[About this exercise]: What you give back from the listing below should be an exact copy of the lines from the one with "Renkli pembe plastikten" down to the one with "アクリルキーホルダーと台座付", and it should contain no pictures.

[Data]:
----------

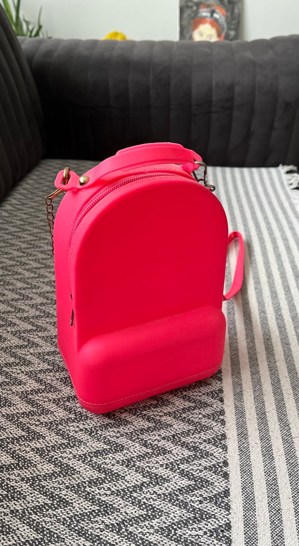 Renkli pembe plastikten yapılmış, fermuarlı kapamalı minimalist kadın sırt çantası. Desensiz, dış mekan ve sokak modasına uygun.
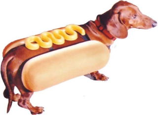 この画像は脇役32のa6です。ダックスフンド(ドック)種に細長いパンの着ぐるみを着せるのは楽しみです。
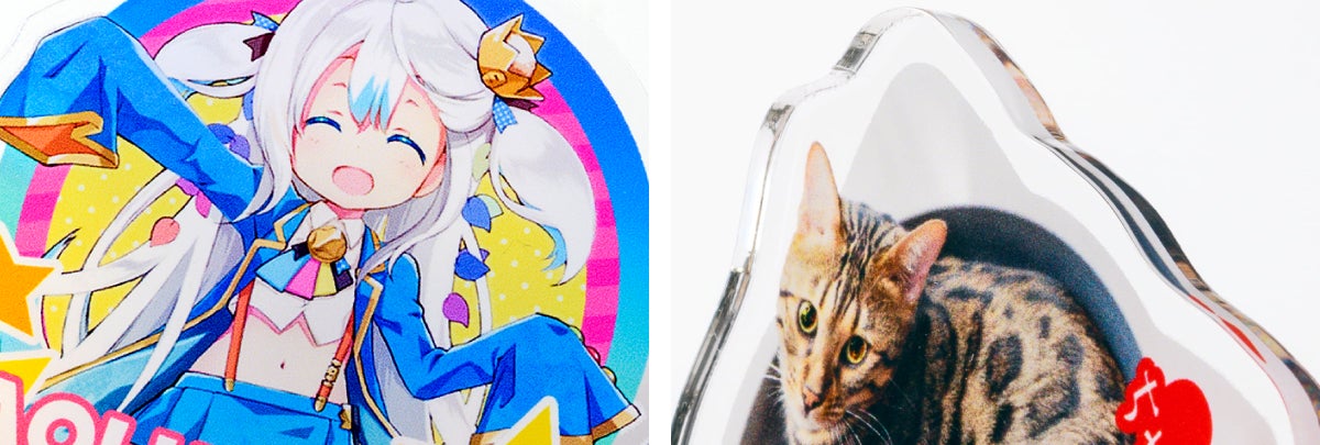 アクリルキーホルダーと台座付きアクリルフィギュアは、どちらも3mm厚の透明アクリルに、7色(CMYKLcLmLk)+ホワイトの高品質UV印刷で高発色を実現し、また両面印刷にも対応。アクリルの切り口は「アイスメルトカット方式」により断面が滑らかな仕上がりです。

----------

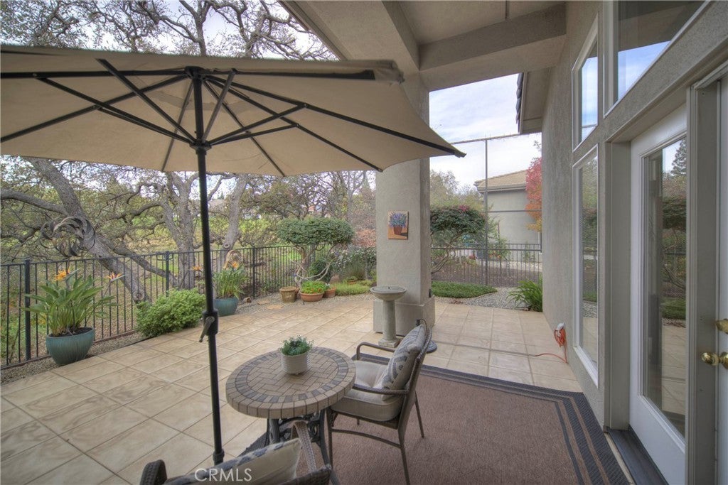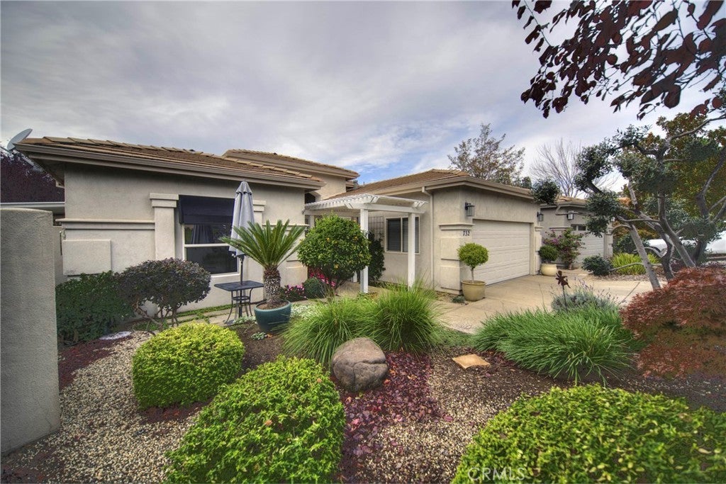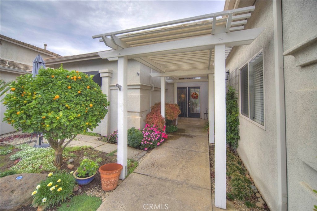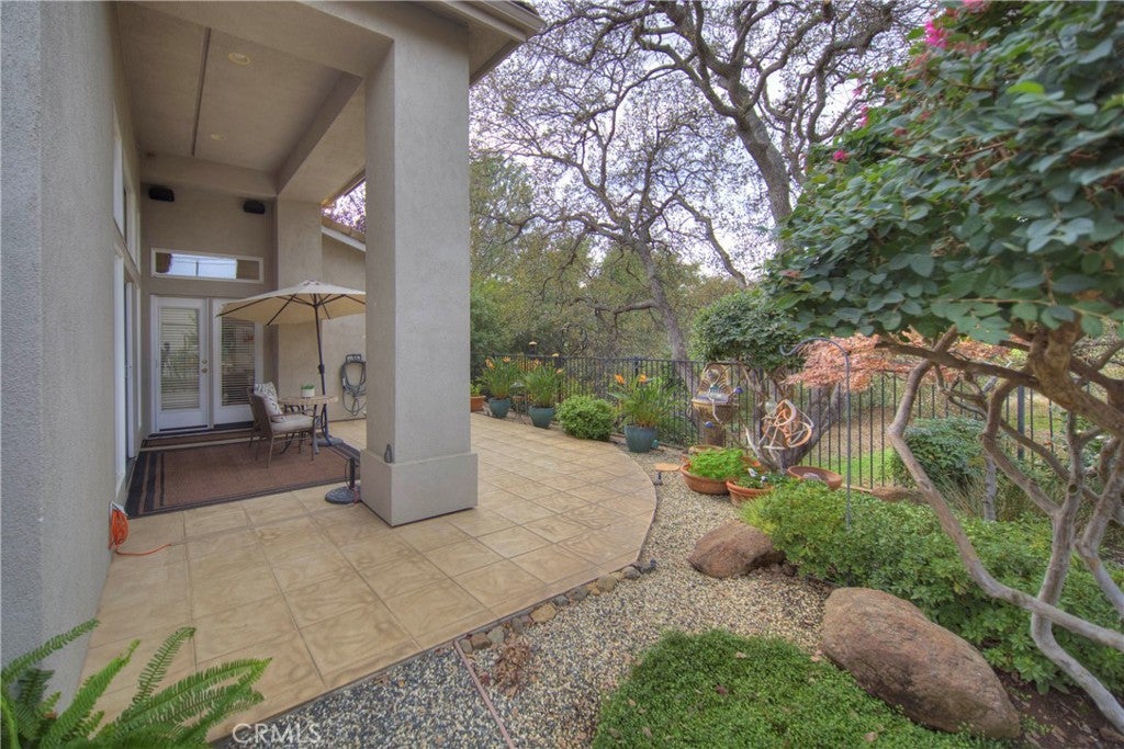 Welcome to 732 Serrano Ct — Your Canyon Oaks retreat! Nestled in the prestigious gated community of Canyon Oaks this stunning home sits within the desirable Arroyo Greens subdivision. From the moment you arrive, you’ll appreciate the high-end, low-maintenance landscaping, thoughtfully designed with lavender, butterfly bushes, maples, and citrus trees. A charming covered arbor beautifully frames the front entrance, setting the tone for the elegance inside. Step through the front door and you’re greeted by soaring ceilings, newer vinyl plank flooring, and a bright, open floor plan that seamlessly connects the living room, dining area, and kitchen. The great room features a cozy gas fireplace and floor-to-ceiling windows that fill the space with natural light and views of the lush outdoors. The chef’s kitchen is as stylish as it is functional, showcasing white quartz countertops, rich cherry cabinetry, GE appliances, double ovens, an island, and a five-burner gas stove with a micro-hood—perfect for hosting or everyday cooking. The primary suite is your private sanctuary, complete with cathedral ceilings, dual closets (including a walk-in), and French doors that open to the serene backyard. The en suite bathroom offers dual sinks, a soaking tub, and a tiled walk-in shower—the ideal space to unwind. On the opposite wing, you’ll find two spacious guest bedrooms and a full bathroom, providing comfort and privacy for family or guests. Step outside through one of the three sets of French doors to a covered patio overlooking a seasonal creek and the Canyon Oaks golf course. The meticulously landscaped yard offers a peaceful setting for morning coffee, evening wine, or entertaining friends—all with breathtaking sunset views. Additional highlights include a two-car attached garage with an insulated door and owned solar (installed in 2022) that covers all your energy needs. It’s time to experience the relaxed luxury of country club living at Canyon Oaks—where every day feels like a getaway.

----------

[Your solution]:
 Renkli pembe plastikten yapılmış, fermuarlı kapamalı minimalist kadın sırt çantası. Desensiz, dış mekan ve sokak modasına uygun.
 この画像は脇役32のa6です。ダックスフンド(ドック)種に細長いパンの着ぐるみを着せるのは楽しみです。
 アクリルキーホルダーと台座付きアクリルフィギュアは、どちらも3mm厚の透明アクリルに、7色(CMYKLcLmLk)+ホワイトの高品質UV印刷で高発色を実現し、また両面印刷にも対応。アクリルの切り口は「アイスメルトカット方式」により断面が滑らかな仕上がりです。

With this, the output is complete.